Si tratta della terza edizione, riuscita, dello stesso testo approntata dal giovane Gruppo di Teatro Campestre. Una versione (ispirata alla cosmicomica di Calvino) in qualche modo antinomica per il senso di costrizione contro il concetto di teatro all’aperto, rispetto alla suggestiva realizzazione in un ruscello della Val Brevenna nell’estate 2008 (donde appunto il nome di Campestre del gruppo, che nello scorso settembre ha preso parte con successo al Rural Indie Theatre)..
In un crescendo di ardire la donna è ormai determinata a liberarsi dell’importuno, anche a costo di perderci la vita. Vuole una sfida a duello. In quel punto idealmente si verifica un salto narrativo: quel tratto di carattere di lei, quell’audacia insospettabile (non sa neppure impugnare un’arma) lo conquista, lo intriga, lo innamora. In preda a una forte passione, un sentimento sfacciato e traboccante, la vedova si stupisce, tentenna, sotto sotto si compiace, infine accetta il suo abbraccio.
Questo breve scherzo drammatico è denso di significati, scava nei labirinti dei sentimenti umani, passando per la quotidianità; la scelta dello spazio ridotto appare quindi indovinata proprio nella misura in cui riproduce il turbine di passioni all’interno di una sola persona.
Fin dalle prime battute, dal tono un po’ caricato della protagonista, lievemente comico, si intuisce la verità solo epidermica delle sue parole.
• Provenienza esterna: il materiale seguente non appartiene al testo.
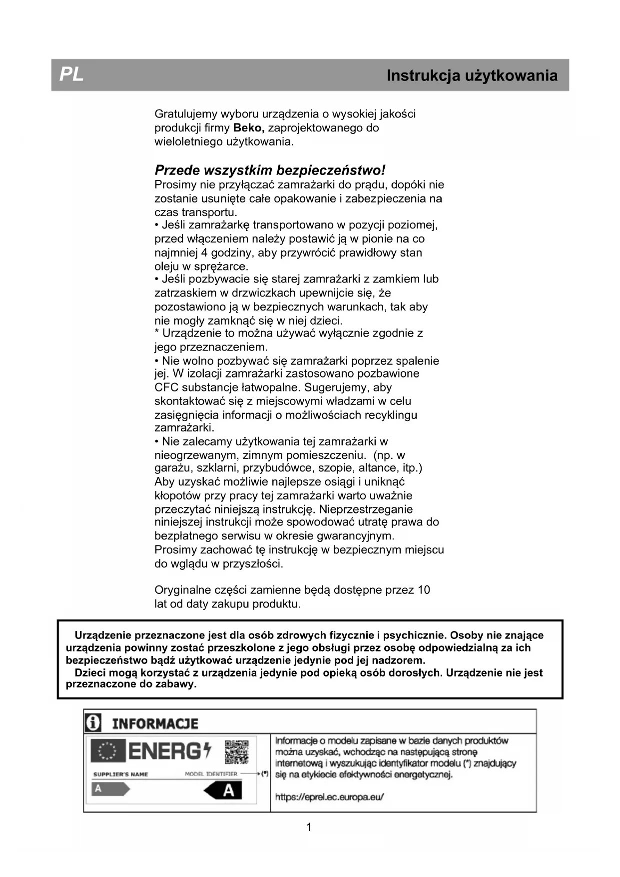 29Gratulujemy wyboru urządzenia o wysokiej jakości produkcji firmy Beko, zaprojektowanego do wieloletniego użytkowania. Przede wszystkim bezpieczeństwo! Prosimy nie przyłączać zamrażarki do prądu, dopóki nie zostanie usunięte całe opakowanie i zabezpieczenia na czas transportu.

Quanto all’uomo, l’orso, si poteva pensare anche a una personalità più affascinante, magari anche di un fascino torbido; a ben pensarci, invece, proprio l’assenza di un’attrattiva rende meglio l’apparente mistero del finale, quella passione che dà profondità al personaggio femminile conquistato; non mancano frasi lapidarie e proverbi, “un passero può dare dei punti a un filosofo in gonnella”; anche il protagonista maschile ha un guizzo di intuizione, che potrebbe significare qualcosa di più riguardo al suo pensiero, quando si permette un commento di costume “ma non si è dimenticata di mettere la cipria”.
Lo spettacolo è stato apprezzato da un buon pubblico, che si intuiva frequentatore abitudinario della sala come di una sorta di club.